13 Such an order would, in any event, be contrary to the condition in ASIC's letter. There is the added point that Mr Fitzgerald has not, at this point, consented to act again as liquidator. His affidavit proceeds on the basis that an order terminating the winding up will be made. There thus arises the dilemma identified by White J in Halstead v CTS Quality Building Products Pty Ltd [2006] NSWSC 1022 at [12]:
"Moreover, if the company were reinstated, it would resume its status as a company in liquidation. It would not necessarily follow that the liquidator, whose functions had been wholly discharged, would automatically resume office as liquidator upon reinstatement ( Ramantanis v G & M Excavations (2004) 22 ACLC 22). It would be necessary to appoint a liquidator and, accordingly, the consent of a qualified person to assuming the office of liquidator would be needed. Adequate arrangements would also need to be made in respect of the liquidator's remuneration and expenses."
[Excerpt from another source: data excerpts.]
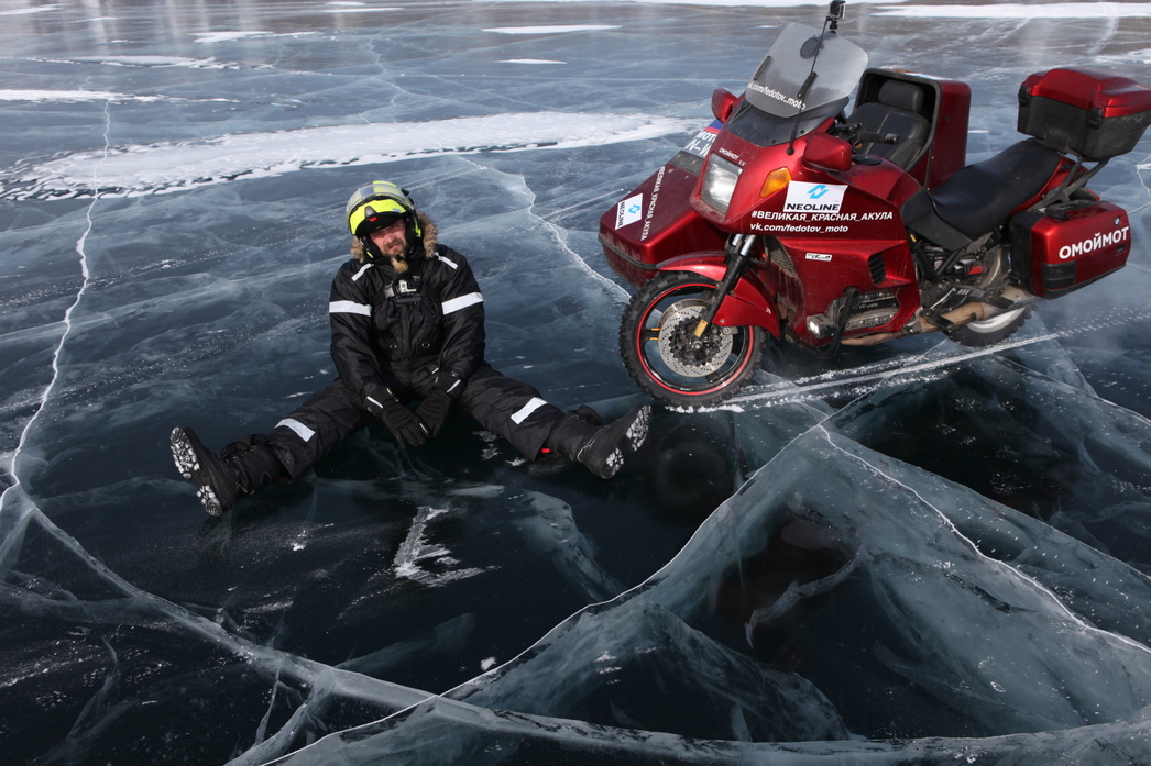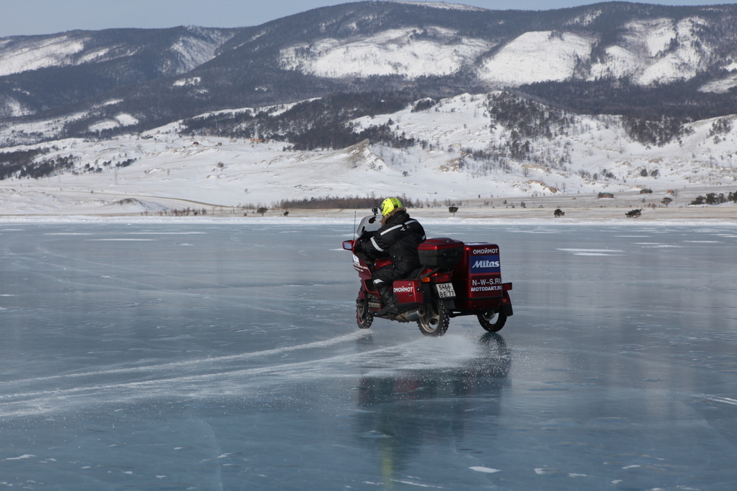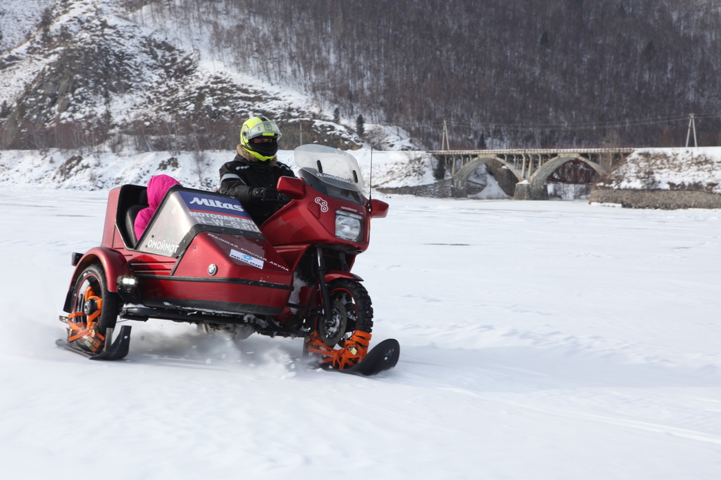 К слову, рекорд вышел весьма скромным: всего 94,8 км/ч, в которые мотоцикл уперся из-за недостаточного количества шипов. А ведь на асфальте этот же BMW K1100LT с коляской Velorex 700 легко выдавал 160! С другой стороны, быстрее на «колясыче» по Байкалу все равно никто не ездил, а у нас появился пусть и сомнительный, но опыт. Впрочем, главными стали не рекорды, а эмоции, сравнить которые мне совершенно не с чем.
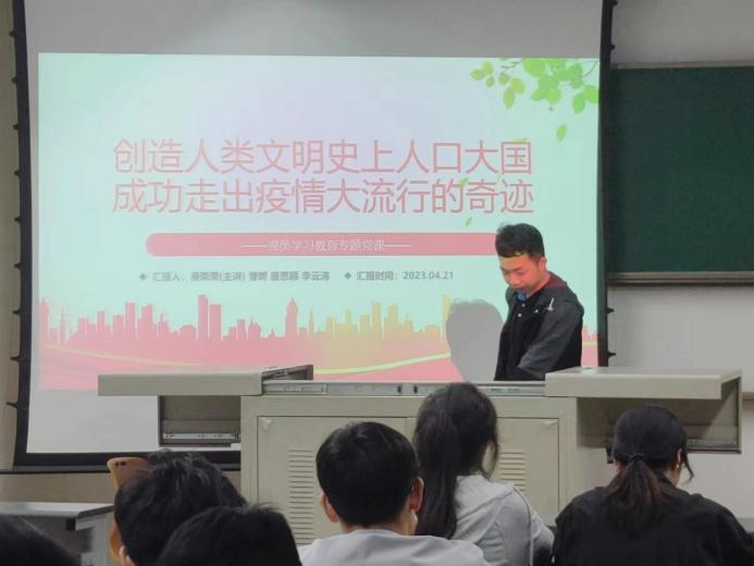 4月21日19时30分,太阳成集团tyc122cc研究生四党支部在逸夫楼4304A教室开展学习“创造人类文明史上人口大国,成功走出疫情大流行的奇迹”主题党日活动。太阳成集团tyc122cc研究生四支部全体党员参加了本次活动,并邀请2020级研究生辅导员杨昊戬出席本次活动,秦荣荣同志担任主讲人。
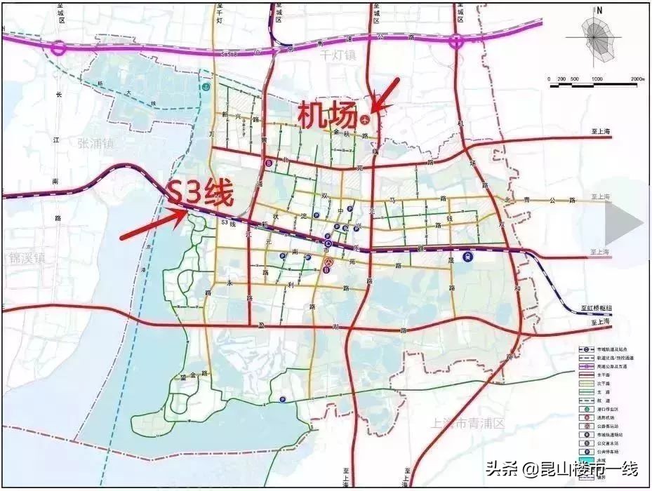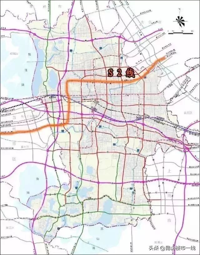 在《昆山市城市总体规划(2016-2030)》纲要论证稿(简本)中,一张综合交通布局图显示了S2的走向。

14 The position is thus, first, that a termination application by an incompetent applicant will be before the court consequent upon reinstatement; second, that reinstatement without an order of the kind contemplated by s.482(3) (as made available through s.511) ensuring that Mr Fitzgerald is still liquidator will leave proper governance of the company in doubt; and, third, that progressing of the application for termination of winding up will render inapplicable ASIC's statement of non-opposition to the reinstatement of the registration. I will therefore not make any order at this point. Rather, I propose to stand over the present application to 10 am on Monday, 26 February 2007 (or, if that is inconvenient, a date and time to be arranged with my Associate). I shall then hear from counsel how the plaintiff proposes to deal with the matters I have identified.